Setting the scene

Out topic from Skye Taylor is: “Setting the Scene: Or as one blogger has suggested: Your scene is a sketch, not a photograph.”

To me, this topic concerns the amount of description needed to make a scene come to life for the reader, without becoming boring because it gets in the way of plot development.

I’ve had a beta reader comment on my current work, rapping me on the knuckles for not having enough description. She couldn’t put herself into some of my situations, because my sketch lacked enough lines. So, I’ve re-read a few of my earlier award-winning books, and selected a couple passages:

Cover of Sleeper, Awake

    A sudden, loud booming noise made his head turn to the right. Ahead and about a hundred metres further out, a huge, blue-black shape surged out of the sea, rising far above Tamás’s five-meter height. Up, up the great whale soared, then he noted with horror that several smaller, but still very large shapes were attached to her: to her tail, to a fin, to the end of the great sail on her back. Black and white spots marked these creatures.

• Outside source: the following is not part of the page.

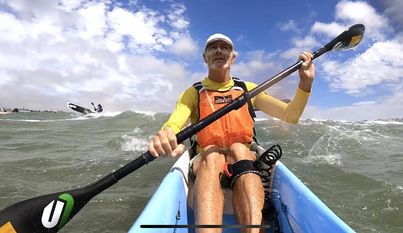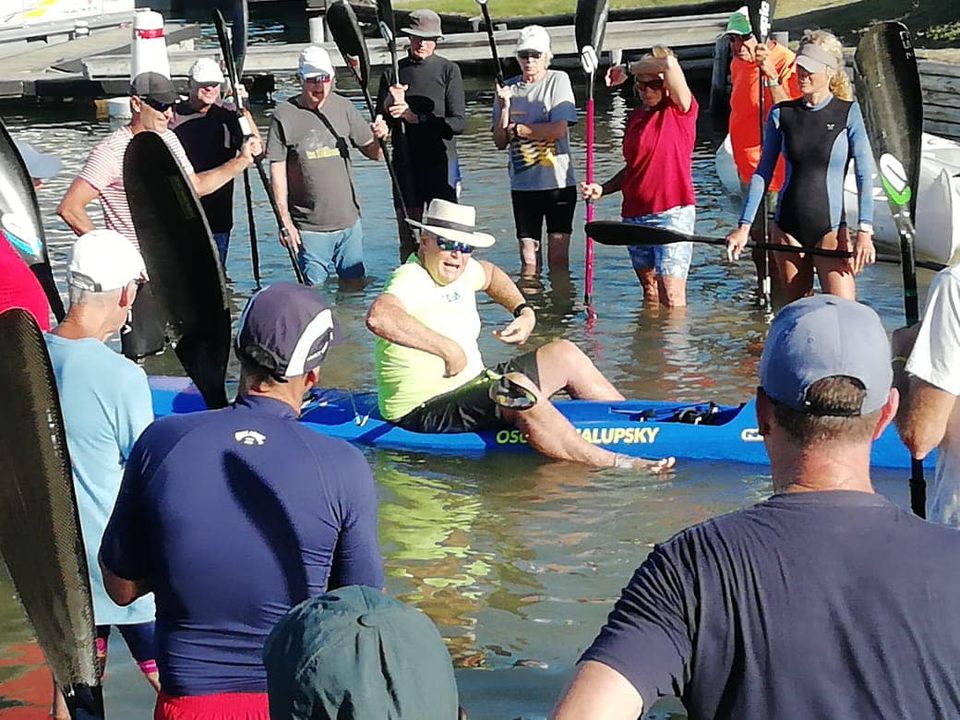 The 15km Sporty Anderson Surfski Race , perfect weather Jasper Mocke, Brandon van der Walt, and Phil Smith took the honours. I came last, the right position for a sweep Thanks Gibbo for the pic

    The whale turned at the top of her rise, and plunged head first back into the sea. A great plume of foam arose, marking her disappearance. Oh, the poor thing! Tamás thought, and changed direction toward the spot. By the time he got there, he could see no sign of the prey, or the pack of hunters. Saddened, he turned south once more.

    Artif said, “Darling, that’s life. Those orcas were hunting. They need food as much as you do.”

    “Surely, you’re right. But that great, intelligent creature, to have to suffer like that!”

    “We have no right to interfere in the workings of nature.”

    With his mind, he knew she was right. All the same, he wished he could have done something to help the whale, the victim, the sufferer. Sadly he travelled on, under the ever-wetting curtain of fine rain.

    After perhaps another period, the gray world turned pink. First a wide, upwardly facing red sliver of a circle poked below the low clouds of the horizon. Soon, this sank into the sea, so that now a wide strip of fire with circular edges spanned sea and sky, at the edge of vision. A low-flying bright pink blanket lay low over a bright pink sea. A huge, brilliant double rainbow appeared, flying along with Tamás as he rhythmically rose and fell above the waves. He could not take his eyes from it, until he got a crick in his neck from looking to the side. The rainbow and its rosy background disappeared as the topmost tip of the sun drowned in the sea, but in his mind’s eye he saw it for long after.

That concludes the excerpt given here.